O Cantar de Mio Cid

O Cantar de Mio Cid é a obra reconhecida como fundadora da literatura castelhana. Está preservada por seu codex unicus, datado do século XIV, que é a cópia de um original perdido, escrito entre 1120 e 1140. São 3738 versos heterométricos, que foram modernamente editados pela primeira vez no século XVI e tem a edição de Ramón Menéndez Pidal como textus receptus do século XX, e a de Alberto Montaner como textus receptus do século XXI, quando o manuscrito foi pela última vez consultado.

Hoje o manuscrito encontra-se em grave estado de deterioração, custodiado pela Biblioteca Nacional de Madrid. Em 2006 o códice passou por análises químicas realizadas pela equipe do laboratório ArtLab S.L., a pedido do Departamiento de Restauración de la Biblioteca Nacional, que identificou a composição das diversas manchas que comprometem a leitura do manuscrito, e que indicou a necessidade de preservação em determinadas condições de temperatura e humidade a fim de que não avance seu estado de deterioração. Posteriormente, a equipe do Laboratório de Restauração da mesma Biblioteca reconstituiu as costuras dos 78 fólios e a encadernação. Desde então, a Biblioteca apenas permite a consulta de pesquisadores a seu arquivo fac-símile em alta resolução.

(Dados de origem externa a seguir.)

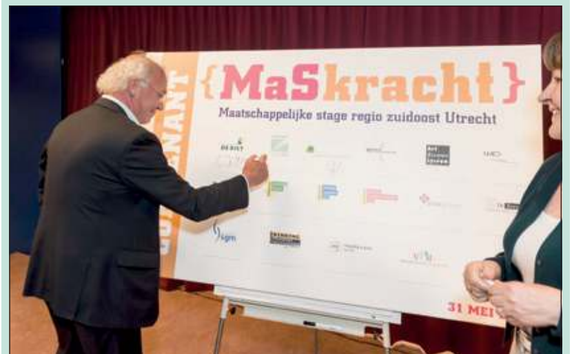
Op het podium stond een manshoog bord met de logo's van deelnemende partijen. Eén voor een zetten directeuren van scholen en welzijnsinstellingen en wethouders hun handtekening op het bord.

Donderdag jl. is het convenant maatschappelijke stage regio zuidoost Utrecht ondertekend. Deelnemende partijen uit de gemeenten Zeist, De Bilt, Utrechtse Heuvelrug en Wijk bij Duurstede spraken met elkaar af om nog beter te gaan samenwerken rond maatschappelijke stages (MaS). Het is de bedoeling dat stage(aan-)bieders voortaan niet door vijftien leerlingen tegelijk worden benaderd voor een enkele stageplek en VMBO leerlingen evenveel kans hebben op een stageplek als VWO leerlingen. Kortom; afspraken om de kwaliteit van maatschappelijke stages te verbeteren.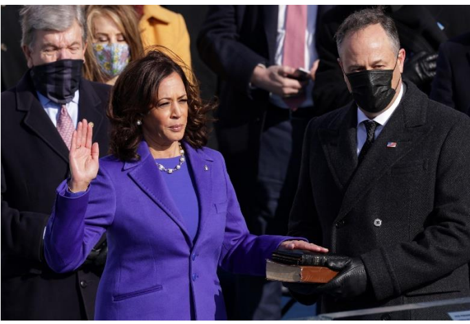
La vice presidente degli Stati Uniti Kamala Devi Harris durante il giuramento vestita in porpora reale

207. Ora, predissi, e dissi: “Ho visto sorgere una grande donna, di bell’aspetto, vestita con classe in porpora reale”. [Il porpora reale veniva secretata da una ghiandola, come liquido vischioso di colore violaceo e già nell'antichità veniva utilizzata per la colorazione delle stoffe. In età imperiale rappresentava il colore per eccellenza per questo definito reale. – Wikipedia.] E ho messo qui una piccola parentesi, “(Lei era una grande governante negli Stati Uniti; forse la chiesa cattolica.)” Una donna, qualche donna; non so se sarà la chiesa cattolica. Non lo so. Non posso dirlo. L’unica cosa che ho visto, ho visto la donna, ed era tutto.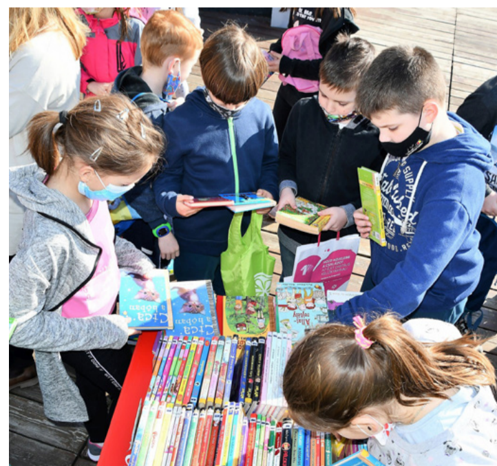
A válogatás önfelelt percei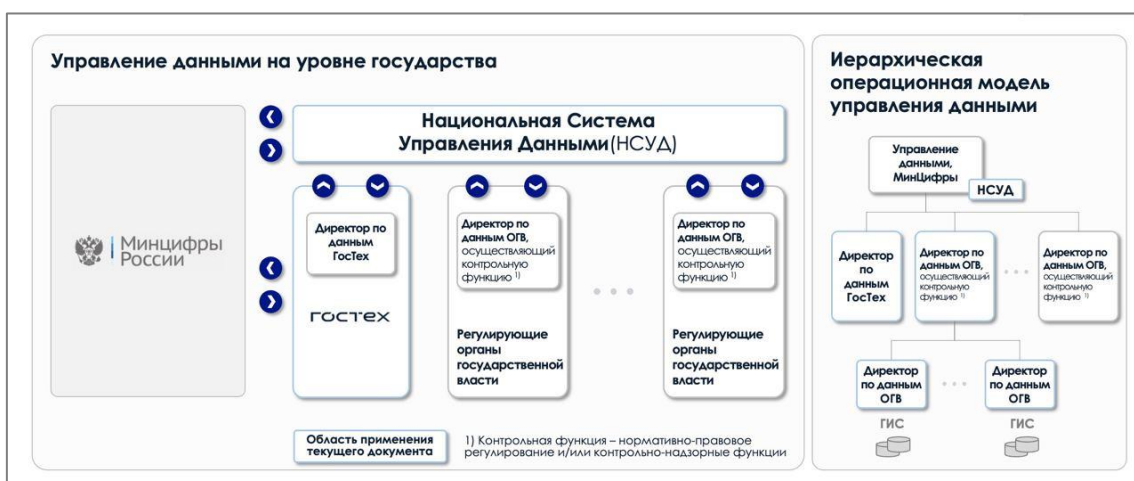
Рис 1. Общая схема управления данными на уровне государства.

Для построения модели управления данными на уровне государства реализуется сквозная иерархическая операционная модель от уровня отдельных ГИС в ОГВ до управления данными на уровне государства. Управление данными на платформе «ГосТех» является частным случаем управления данными на уровне государства. Общая схема операционной модели управления данными на уровне государства представлена на Рис. 1.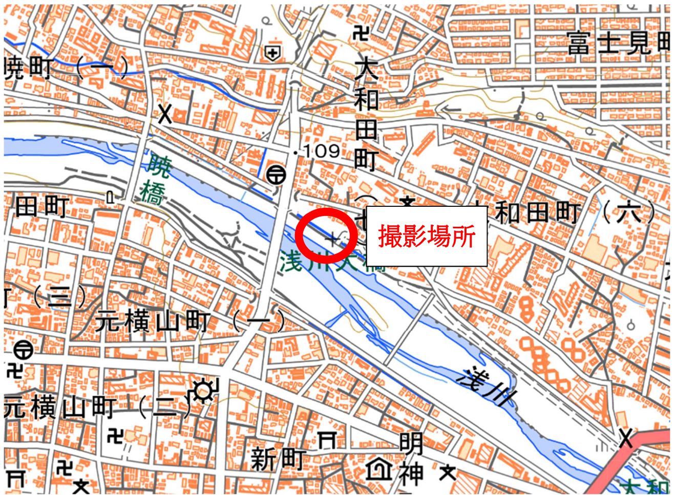
撮影場所：八王子市 浅川大橋付近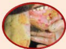
Fiebre Aftosa (67 países)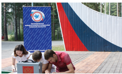
Молодым везде у нас дорога! стр.7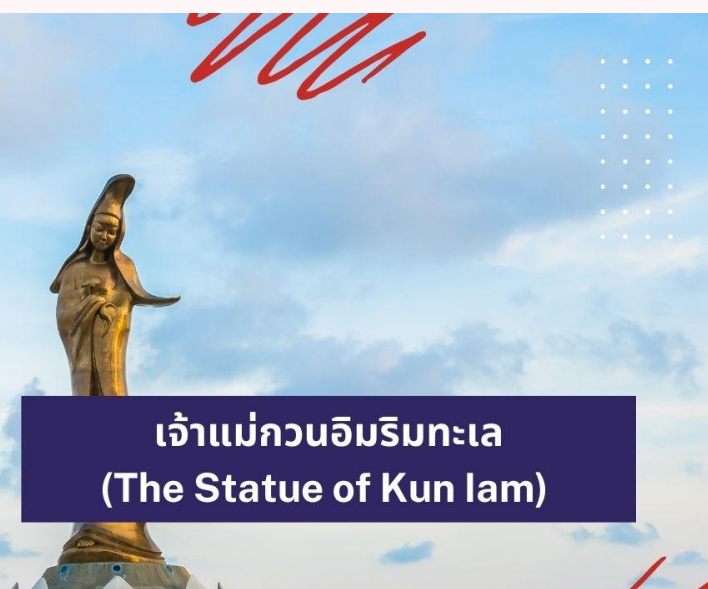
เจ้าแม่กวนอิมริมทะเล (The Statue of Kun lam)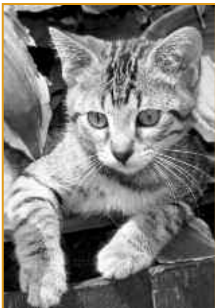
Viel Freude für 1,50 Euro am Tag

Viele Tierfreunde, die selbst mit einem Tier zusammenleben, haben noch nie wirklich nachgerechnet, was der Unterhalt des Hundes oder der Katze wirklich kostet.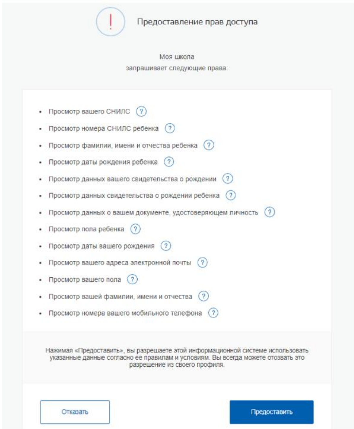
Рисунок 3. Предоставление прав доступа

Нажимая кнопку «Предоставить» , вы разрешаете ФГИС «Моя школа» использовать указанные данные для авторизации в системе.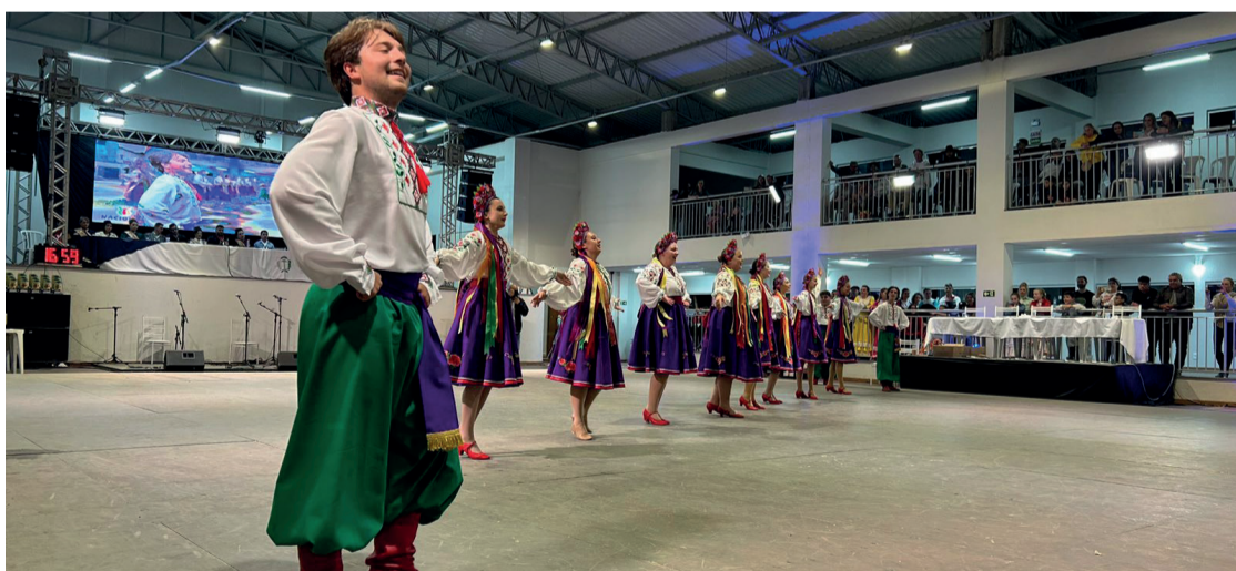
Esta é a primeira vez que o grupo vem ao Brasil e, também, tem contato com a cultura gaúcha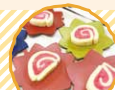
目でもおいしい! 和のカステラ 「二色浮島」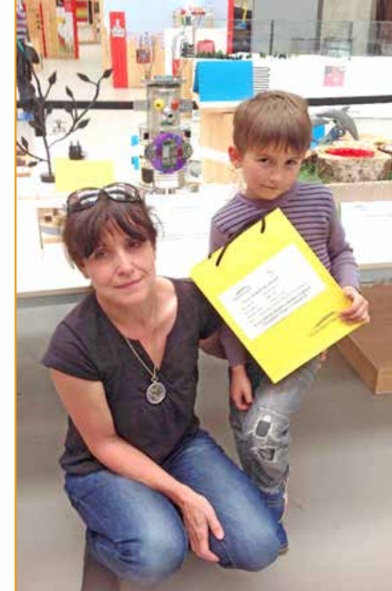
Ocenění v Techmání

Každý den jsem s dětmi a stále si uvědomuji tu velkou zodpovědnost, že mi rodiče svěří své ratolesti a já je svým postojem a jednáním ovlivňuji a někam směřuji. Do družiny ke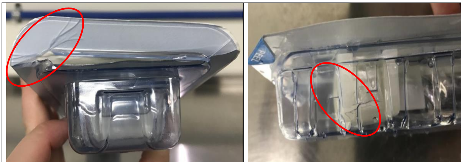
Sl. 1. Polomljeni rub vanjske ambalaže

Jako je vjerojatno kako bi svako oštećenje kartonske kutije i/ili vanjske ambalaže bilo primijećeno prije operacije. Prilog pakiranju (upute za upotrebu) isporučen s proizvodom ili sistemom proizvoda sadrži odjeljak o sterilnosti. On korisniku nalaže da pregleda ambalažu i proizvod ne primjenjuje ako je bilo koja barijera ili šupljina oštećena.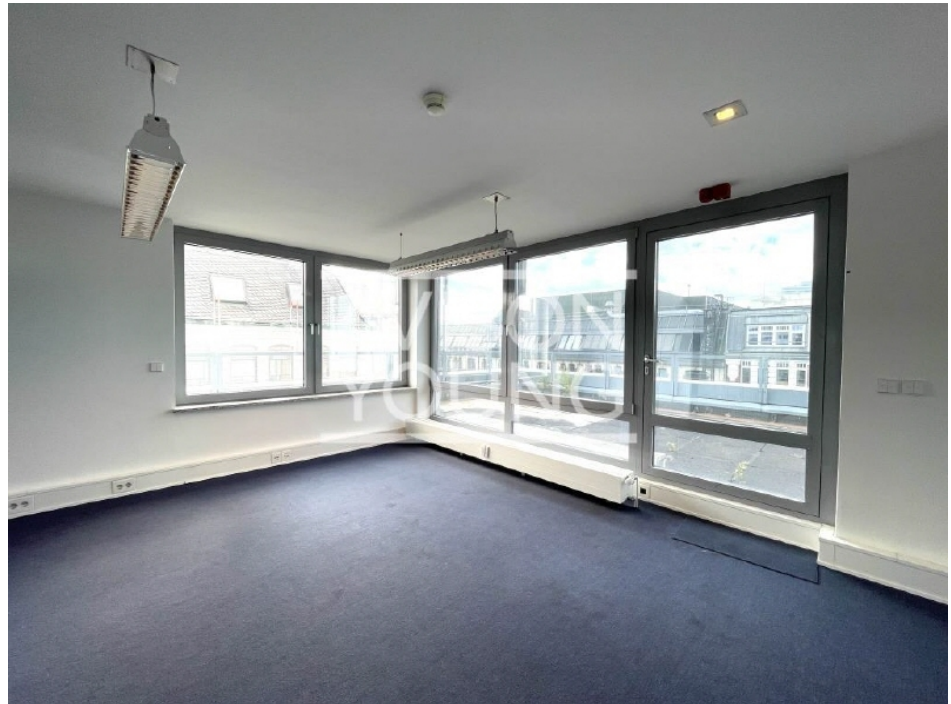
Innenansicht 6 Obergeschoss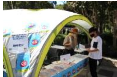
読書を楽しむコーナー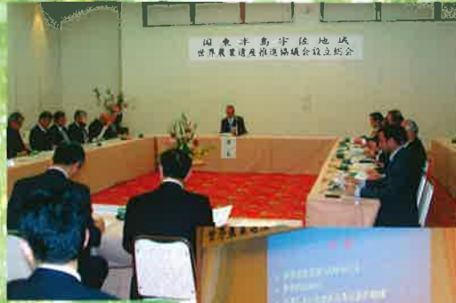
推進協議会 設立総会 (4月13日)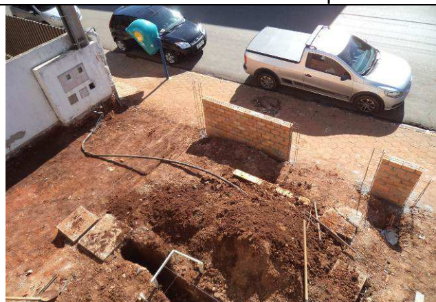
Figura 23C: Remoção do piso da área de acesso de pedestres.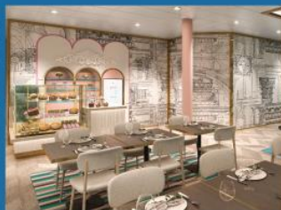
13 甜品匯 精緻美味蛋糕及手工朱古力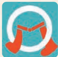
アプリのアイコン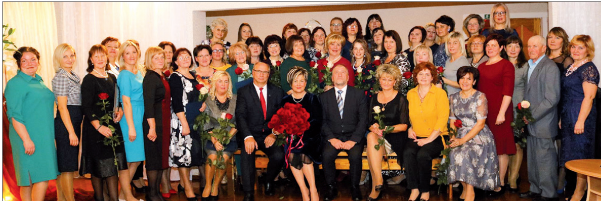
Protam bērnu acīm raudzīties un ticam labajam, tie esam mēs – "Auseklītis" strādājošie!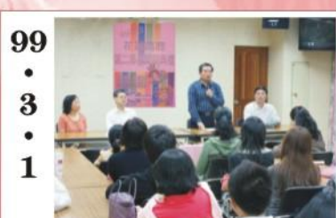
99.3.1 *99年第二專長班開訓典禮，由校長親自主持。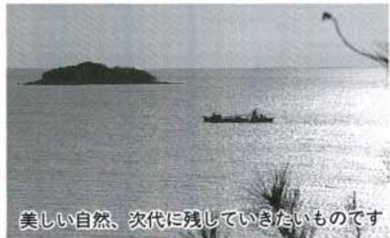
美しい自然、次代に残していきたいものです

わたしたち人間が健康で快適な生活を送るためには、きれいな空気や水などの自然をはじめとする豊かな環境が不可欠です。そのためには、わたしたちを取り巻く環境を、ふだんから守り育てていく努力が必要です。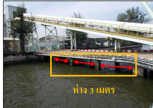
ภาพที่ 12 การออกแบบและก่อสร้างท่าเทียบเรือ ให้มีช่องว่างระหว่างเสาไม่น้อยกว่า 3 เมตร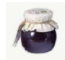
Mermelada de arándanos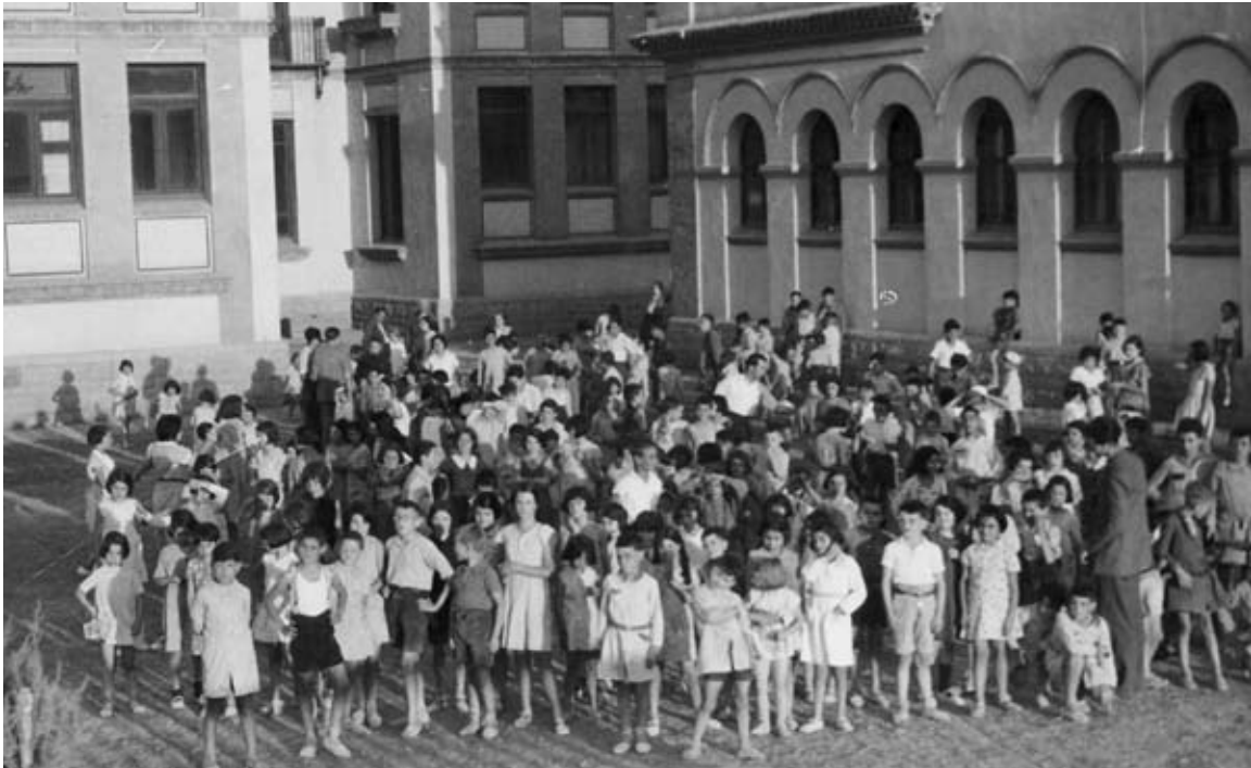
Colònies infantils a l'Institut Garcia Fossas (juliol i agost de 1933) (AFMI 0062)

O projeto Cantar de Mio Cid : Tradução, tradição e oralidade tem por objetivo final a transcrição e tradução do cantar, a fim de apresentar, de forma inédita no Brasil, a primeira edição integral, bilíngue e comentada do cantar.

Prévia da transcrição diplomática do Manuscrito Único de Per Abbat:

Prévia da tradução literal do cantar:

1

Só dos olhos, tão fortemente chorando,

volvia a cabeça e estava tudo olhando;

viu portas abertas e postigos sem cadeados, 

alcândoras vazias, sem peliças e sem trajos

e sem falcões e sem carcarás treinados. 5

Suspirou o meu Cid, ao achar-se assaz preocupado;

falou o meu Cid, tão bem e tão moderado:

Glória a vós, Senhor altíssimo!

A isto me reduziram meus perversos inimigos!

2

A ponto de esporear, ali soltam as rédeas. 10

Ao saírem de Vivar, eis a gralha à direita;

chegando em Burgos, ei-la à sua esquerda.

Meneou meu Cid os ombros e sacudiu a cabeça:

Alvíssaras, Álvaro Fanez, pois expatriados fomos de nossa terra!

Prévia da tradução poética do cantar:

1

Dos seus olhos, forte o pranto,

de esguelha, atrás mirava;

portal aberto, sem aldrava,

cabides calvos, sem as peles,     

sem falcões e sem açores. 5

Suspirou meu Cid, aflito,

ponteou meu Cid, tão cauto:

“ – Glória a vós, Senhor! – orava –   

Mal urdiram-me inimigos.”

2

Pés no estribo, à meia-rédea, 10  

de Vivar a gralha à destra,

à esquerda a escutam em Burgos,

meu Cid treme a testa e os ombros:

“ – Que sorte, Álvaro, nos desterram!”